Fine lines: With traditional telephone calls, as a side effect of why it was collected (for billing), the communications data is simple - date/time, from number, to number, duration. That is about it. But what constitutes communications data for email, or twitter, or MSN, or irc? Is the subject of an email included? Is your friends list on facebook communications data? What about all the other useful headers in email? Maybe the ID of a PGP signature used? Where exactly is the line drawn? Even an email address may include someone's name - which is not something that was in traditional telephone call logs. Does the IP address of every IP packet count as communications data? This is an tricky questions.

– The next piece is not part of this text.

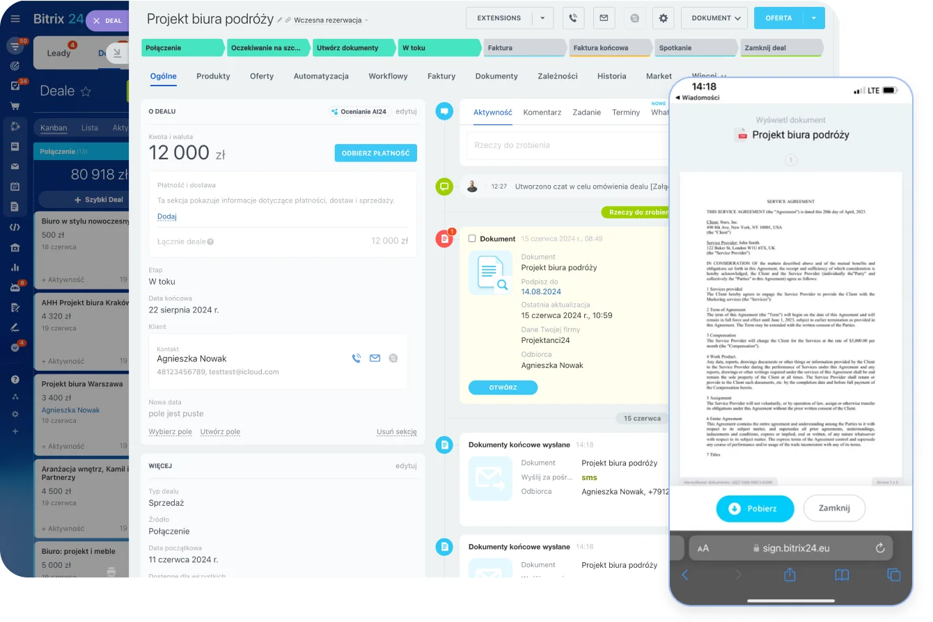 Bitrix24 oferuje wszystkie popularne narzędzia marketingowe wspierające sprzedaż – od ofert i faktur po e-Podpisy, płatności online i wiele więcej.

Signal to noise ratio: With traditional telephone calls, the integrity of the data was good. CLI was only from trusted sources. You were sure the call from and to numbers you had logged were right, with very little chance of error or deception. Now, even on phone calls, you cannot trust the CLI. You certainly cannot trust email addresses. And of course, the vast quantity of junk mail out there - when separated from the content that spam filters use to identify it, it will make for huge amounts of noise. You certainly would not be able to use a record of an email captured from such a system in court as the defendant could point to thousands of emails which are bogus. Indeed, it would be in people's interest to have a virus on their machine sending lots of email to random addresses as it gives them plausible deniability. Of course, if people want, they can make apps that generate low levels of traffic that look like communications - e.g. apparently sending 10 small emails a second 24, hours a day, from a million of computers, to and from random addresses. In there somewhere is the email you are looking for.

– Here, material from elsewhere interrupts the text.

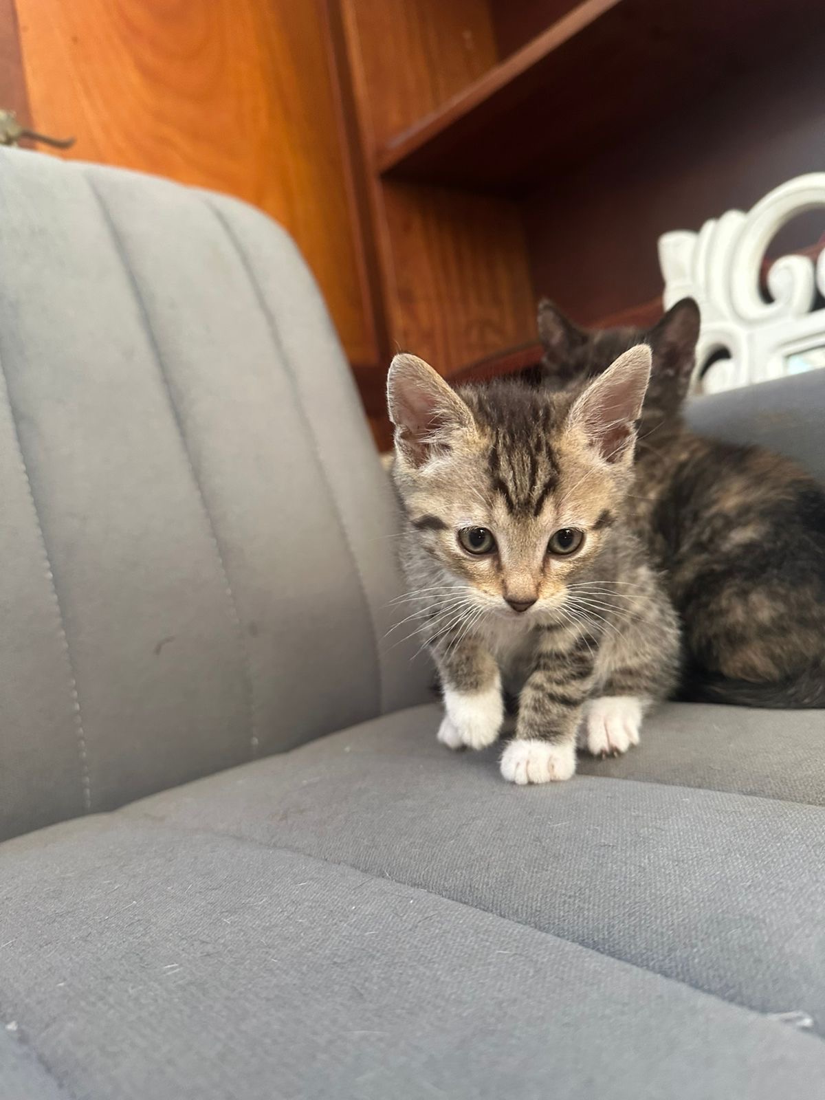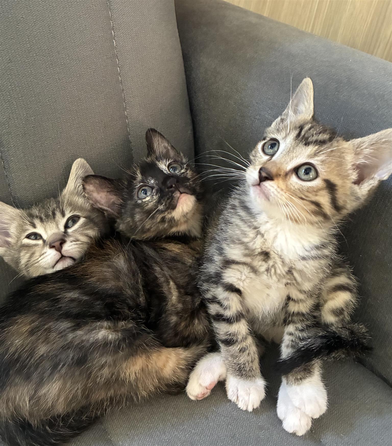 We have 3 curious, loving, playful babies. They are 8 weeks and ready for their forever homes. A Tortoiseshell girl, a Grey Tabby boy(with white socks) and another Grey Tabby boy(with longer hair)

There will always be ways to hide communications: All of the above is before you consider someone actually trying to hide there communications. When you start using encryption, steganography, vpns, tor, and so on, then you are able to communicate with no trail being left. So, only law abiding innocent people will be affected by this - the criminals don't have to have their privacy invaded. Are the criminals smart enough? Well, there are plenty of web sites explaining to people in China and other oppressive regimes how to bypass monitoring and firewalls - so anyone with access to google is smart enough.

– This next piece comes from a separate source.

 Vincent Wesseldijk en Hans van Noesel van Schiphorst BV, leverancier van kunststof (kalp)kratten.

Consequences: It is all very well saying that this is a total waste of time, for all of the above reasons, but is that a reason not to do it? Well, obviously, if it costs public money, then yes. But what else could go wrong. This data is valuable, and a target to be stolen or unscrupulously sold. It is an invasion of privacy. It is technical complication making things break more often. It could allow general purpose unsupervised black boxes in to ISPs with no end of possible feature creep. It will cost a fortune and so put up prices or taxes for us all.
Someone please educate the politicians!